Теперь о себе. Нынче, 31 августа, мне сообщили, что меня отправляют на работу в Чебоксары. Я просила в министерстве, чтобы меня отправили куда угодно (в пределах Европейской части Союза), кроме Чебоксар, куда меня пригласили, а потом заявили, что не хотят. Не сомневаюсь, что там будет очень тяжело — мне покажут, как лезть туда, куда не просят. Тем более, что я приезжаю без литературной работы (перевода), которого я не получила и не получу. (Перевод — это явный признак, что со мной как-то считаются). Например, мне не дадут комнаты и тому подобное. (Я эти годы жила в студенческих общежитиях — и этой незавидной доли у меня не будет).
Вы помните, что Вы говорили с Котовым о переводах. Он встретил меня хорошо, но заболел. А редактор отдела переводов встретил меня очень враждебно.
Известно, что переводы дают большие заработки и переводчики умеют не допустить к котлу или затравить людей, которые пытаются урвать у них кусок. Явной иллюстрацией была моя встреча с зав. отдела переводов. Он был лаконичен, враждебен, на меня не смотрел, работы не дал и заявил, что вообще не даст. Думаю, что он с удовольствием повернул бы время вспять и расправился бы со мной по старым правилам. Он, очевидно, знал, что и при жизни и после смерти носителю этого имени ничего, кроме беды и ужаса, не причитается. У меня после этой встречи такое омерзение, что я почти забыла о радости встречи с Вами.

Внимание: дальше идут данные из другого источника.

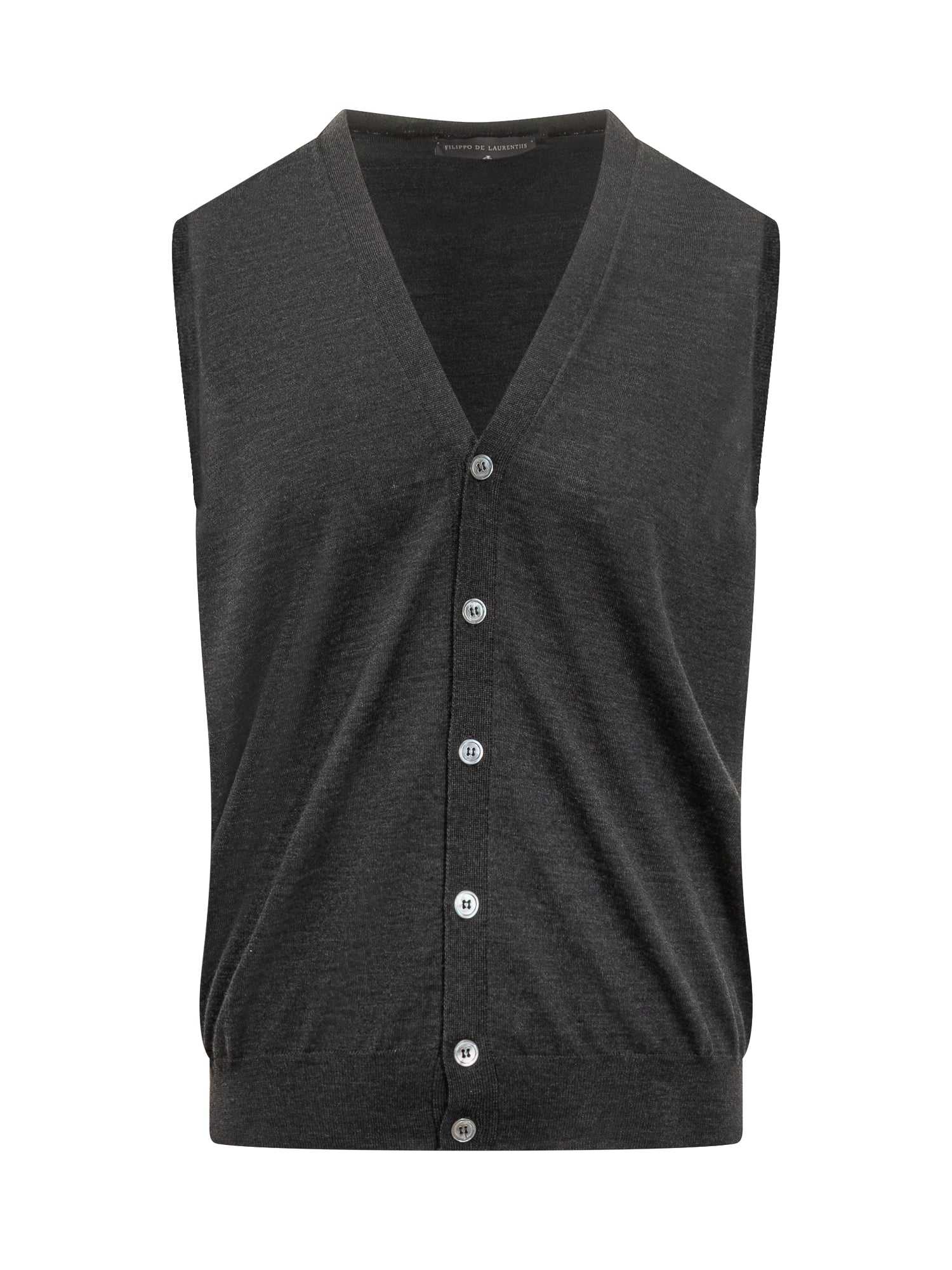 Filippo De Laurentiis grey wool vest with V-neck and button closure.

Я обещала Вам не быть ноющей и рвущей себе кусок вдовой, но из этого ничего не выйдет. Предел моим силам настал уже давно; я живу за и вне их предела. Всюду в мире сапожники спрашивают друг друга о том, есть ли кров и хлеб у вдовы покойного сапожника. Писатели этим не занимаются. И я не была бы той загнанной клячей, что сейчас. Я много раз думала, что лучше конец, чем вся та канитель, которую я тянула. Я была на свободе — это верно, я даже работала — это верно. Но я была той, кого разрешено (и даже полагается) бить, гнать и т. п. При каждом удобном ветре это и делали.
Если я вдова человека, действительно что-то сделавшего в литературе (независимо от того, печатается он сейчас или нет). — мне что-то причитается. Нормально мне причитается пенсия, квартира и работа.
Для меня это кандидатское звание, переводная работа и жизнь в каком-нибудь городе возле Москвы (где живут последние близкие мне люди) с работой в институте. Не в Москве, а именно под Москвой, чтобы не торчать на глазах, когда носишь это имя со всем двусмысленным шумом вокруг него.
О кандидатском звании. Мне не дали защитить диссертацию в 1953 году. (Диссертация: исследование древне-германских языков — т. е. действительно настоящее языкознание). Все авторитетные люди в моей области (акад. Шишмарев, Жирмунский, Ярцева, Стеблин-Каменский, Аракин и др.) подтвердят это. Но у меня уже нет сил на защиту (сердце). (Боролись с диссертацией две специалистки по травлям — канд. Ахманова и Левковская).